In two of his essays Books vs. Cigarretes and Bookshop Memories George Orwell tells us what he thinks about books. Me being a bibliophile could relate to many things he said.
He says out of the 900 odd books he has, around 500 are bought second-hand. While most of mine are second hand.
The idea that the buying, or even the reading, of books is an expensive hobby and beyond the reach of the average person is so widespread that it deserves some detailed examination.
Even now I know of people who get and give weird reactions to the sight of books, as if they are something ugly and avoidable.
This is because book-giving, book-borrowing and book-stealing more or less even out.
Well may be in the long run it is indeed true. I have lost many books, but there are may be more with me which belong to others, but which I did not steal. But many just ended up being with me.
It is difficult to establish any relationship between the price of books and the value one gets out of them. “Books” includes novels, poetry, text books, works of reference, sociological treatises and much else, and length and price do not correspond to one another, especially if one habitually buys books second-hand. You may spend ten shillings on a poem of 500 lines, and you may spend sixpence on a dictionary which you consult at odd moments over a period of twenty years. There are books that one reads over and over again, books that become part of the furniture of one’s mind and alter one’s whole attitude to life, books that one dips into but never reads through, books that one reads at a single sitting and forgets a week later: and the cost, in terms of money, may be the same in each case. But if one regards reading simply as a recreation, like going to the pictures, then it is possible to make a rough estimate of what it costs.
Here I see an analogy between books and humans (or is it the other way round?). Just as he describes different types of books, some of which we just dip into, some we savour for our lives, some we just refer maybe once in a while, so are our human contacts, some are just hi-bye types, some we share our intimate moments with, some we just meet once in our lives, but they are unforgettable, some we just forget, and others we want to forget. Seen in this way at another level, books are just ideas that are present in them, so are the humans we come in contact with (though at times the physical intimacy is better, (but isn’t physical intimacy also an idea)). Some people we make our heroes, some books give us our philosophy of life. Some people give us sound advice, many books save us from despair. Books are actually people who talk to us, make us experience things we would otherwise not experience, isn’t the same true of people also. But of course there are crap books and there are crap people.

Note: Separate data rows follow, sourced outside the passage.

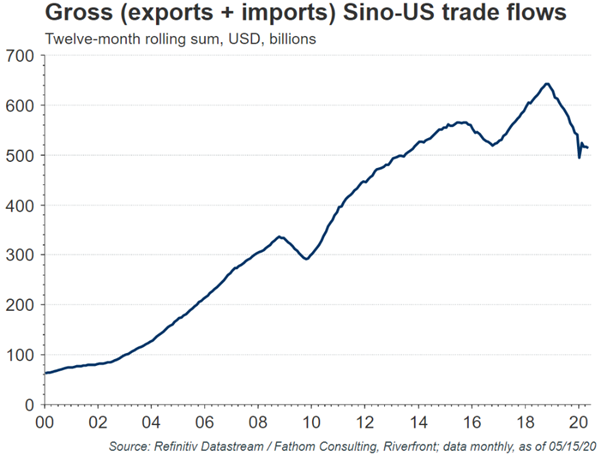 As the epicenter of the world’s first COVID-19 outbreak, China was first praised and then roundly criticized for its handling of the epidemic. US officials led by the president have further stepped up the criticism, with officials suggesting in May that the virus may have emanated from a lab in Wuhan and labelling COVID-19 ‘the Chinese virus’. None of this anti-China sentiment is anything new for the current administration, which has made China’s trade imbalances with the US a central part of their platform since coming to power in 2016. Overall US-China trade has continued to shrink since 2019 (see chart, below), suggesting to us that the unwinding of tariffs is a superficial ‘band-aid’ on a deeper issue.
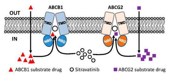 Simplified schematic diagram of sitravatinib resensitizing multidrug-resistant cancer cells by blocking the active efflux of chemotherapeutic drugs mediated by ABCB1 and ABCG2. Normally, substrate drugs of ABCB1 (red triangles) and substrate drugs of ABCG2 (purple squares) are rapidly pumped out of a multidrug-resistant cancer cell overexpressing ABCB1 (blue) or ABCG2 (orange) and consequently leading to reduced chemosensitivity. In this model, sitravatinib (white circles) competes with the binding of substrate drugs at the substrate-binding pockets of ABCB1 and ABCG2 to increase the intracellular accumulation of therapeutic drugs and eventually restoring the chemosensitivity of multidrug-resistant cancer cells.
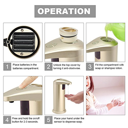 【Tips For Use】 - If the device does not work when you first use, please follow these steps: 1.Increase the level; 2.Repeat to place your hand under the sensor for several times. This is because there's empty space between the liquid to the liquid outlet. -Please read the NOTE in the description before using it. Any problem, please feel free to contact our customer service. Thanks so much for reading!

If you concentrated on more serious books, and still bought everything that you read, your expenses would be about the same. The books would cost more but they would take longer to read. In either case you would still possess the books after you had read them, and they would be saleable at about a third of their purchase price. If you bought only second-hand books, your reading expenses would, of course, be much less: perhaps sixpence an hour would be a fair estimate.
I never sold my books, and hopefully will never need to.
And if our book consumption remains as low as it has been, at least let us admit that it is because reading is a less
pastime than going to the dogs, the pictures or the pub, and not because books, whether bought or borrowed, are too expensive.
And he ends Bookshop Memories thus
But as soon as I went to work in the bookshop I stopped buying books. Seen in the mass, five or ten thousand at a time, books were boring and even slightly sickening. Nowadays I do buy one occasionally, but only if it is a book that I want to read and can’t borrow, and I never buy junk. The sweet smell of decaying paper appeals to me no longer. It is too closely associated in my mind with paranoiac customers and dead bluebottles.
I hope I do not end up doing the same. For now I think I am maybe making a transition from bibliophilia to bibliomania.